Immunofluorescence detection of VSV-G. pCLPIT VSV-G-His6 or pCLPIT VSV-G plasmids were transfected into 293T cells. Sixteen hours after transfection, cells were washed, fixed, and blocked before incubation with mouse anti-VSV-G antibody P5D4 (1:1,000; Sigma, St. Louis, MO), which recognizes the C terminus, in the presence of 0.3% Triton X-100 to detect intracellular expression or in the presence of the I1 antibody (1:100; gift from Douglas Lyles) (27) without Triton X-100 to detect surface expression. Cells were washed and incubated with donkey anti-mouse AlexaFluor 488 (1:250; Molecular Probes, Eugene, OR) secondary antibody and were counterstained with TO-PRO-3 (1:2,000; Molecular Probes) before imaging by fluorescence confocal microscopy (Leica Microsystems, Wetzlar, Germany). Recognition with the conformation-specific I1 antibody confirms that proteins express a correctly folded epitope. Equivalent results were seen by using the I14 antibody (data not shown) (27).

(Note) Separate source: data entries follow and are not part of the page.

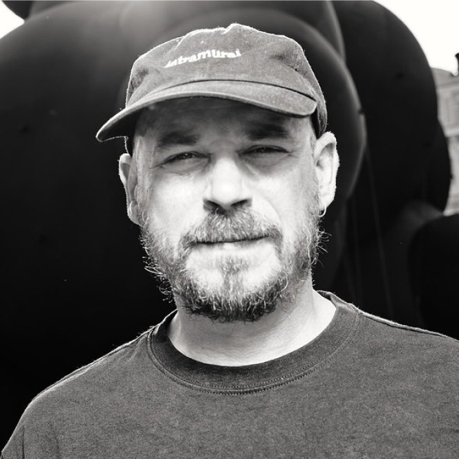 Олексій Сай на фоні своєї скульптури «I`m fine», 2024
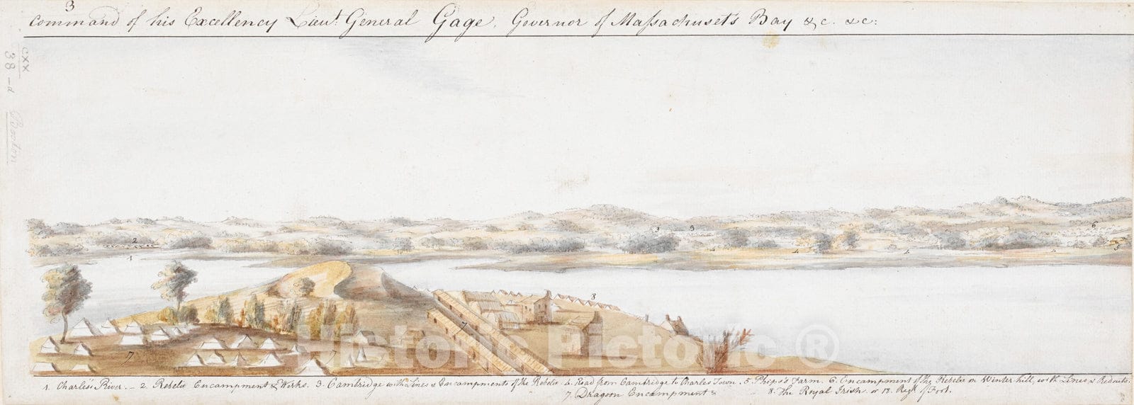 Historical Map, 1775 [View of the country round Boston taken from Beacon hill], Vintage Wall Art
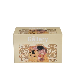 Komplet dwóch kubków classic THE KISS ECRU inspired by Gustav Klimt wchodzący w skład serii Art Gallery, wykonany z porcelany New Bone China, która charakteryzuje się naturalnym kremowo-białym kolorem z delikatnym połyskiem oraz wyjątkową wytrzymałością i trwałością, zachowując lekkość i finezję.
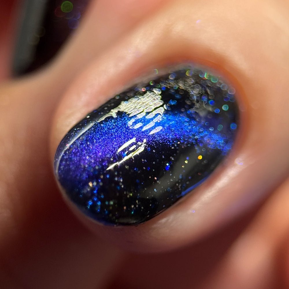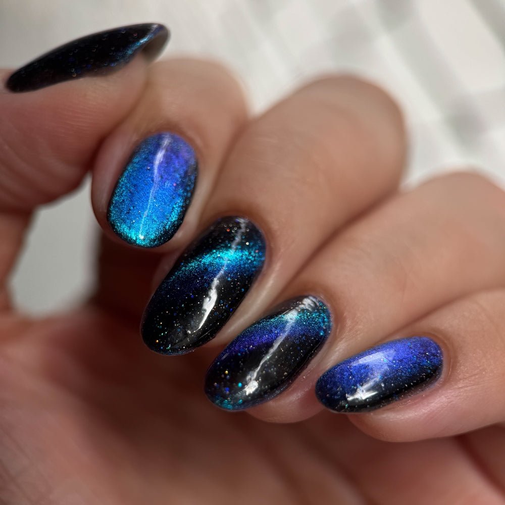 Blue/purple/pink multichrome magnetic with blue and silver micro glitters holo.
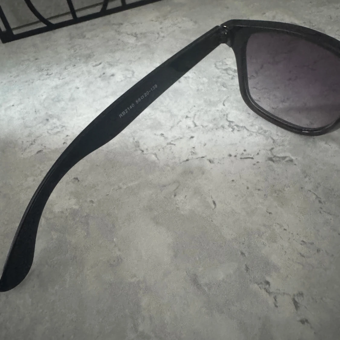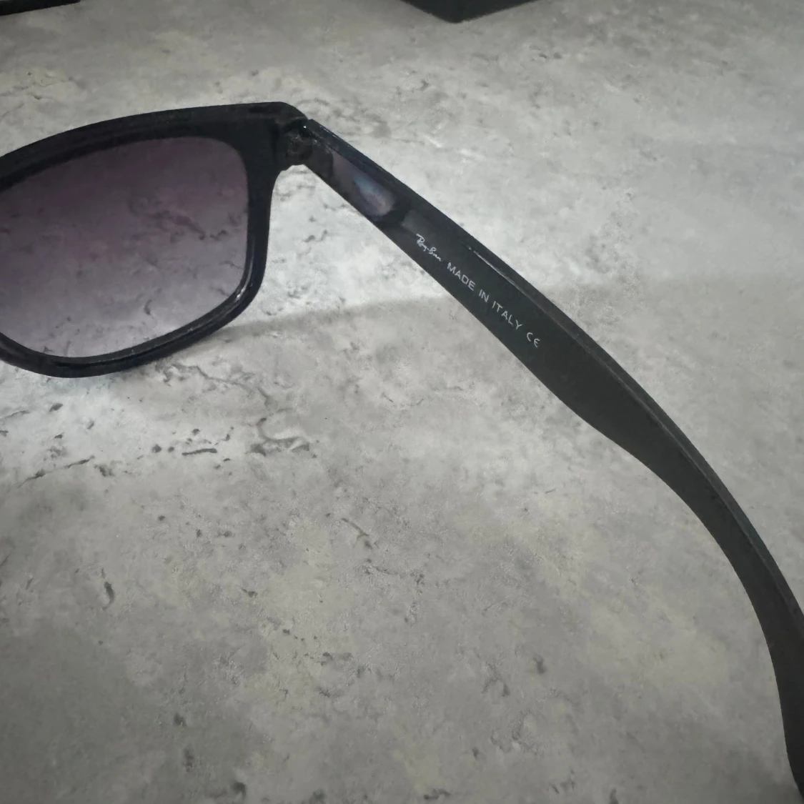 Klassiska svarta Ray-Ban Wayfarer solglasögon med bred båge och mörka glas. Snygg och tidlös design med Ray-Ban-logga på sidan. Tillverkade i Italien och passar perfekt för dig som vill ha en ikonisk look.

Western blot detection of Ni-NTA binding. Concentrated vectors were lysed in radioimmunoprecipitation assay buffer and immunoprecipitated by using the P5D4 antibody. Proteins were separated by sodium dodecyl sulfate-polyacrylamide gel electrophoresis and transferred to a nitrocellulose blot. The blot was blocked in Tris-buffered saline with 1 mg/ml lysozyme (Sigma) and incubated in 1 μM Ni-NTA-biotin (gift from Ravi Kane), 10 mM imidazole, and 1 μg/ml streptavidin-horseradish peroxidase (Amersham Biosciences, Piscataway, NJ). Bands were detected by ECL detection assay (Amersham Biosciences).
Library selection. Vectors containing CLPIT VSV-G-His6 library genomes pseudotyped with WT VSV-G were used to infect 293-gag-pol cells at an MOI of <0.1. Cells were selected by using 1 μg/ml puromycin and propagated in the presence of 100 ng/ml doxycycline to prevent continuous production of virus. To rescue virus, infected 293-gag-pol cells were grown to confluence without doxycycline, and 5 mM sodium butyrate was added 2 days before viral harvest (21). Harvested virus (round 1 of selection) was then used to infect at least 106 nave 293-gag-pol cells at MOIs of <0.1, and cells were propagated as described above. This process was repeated for each successive round of selection. To select for Ni-NTA binding, vectors were purified with Ni-NTA (described below) before infection of nave cells. To identify selected sequences, cellular genomic DNA or viral genomic RNA was isolated by using the QIAGEN genomic tip 500/G or QIAamp viral RNA kit (QIAGEN, Palo Alto, CA), respectively. VSV-G-His6 sequences were amplified by PCR and inserted into a plasmid before sequencing.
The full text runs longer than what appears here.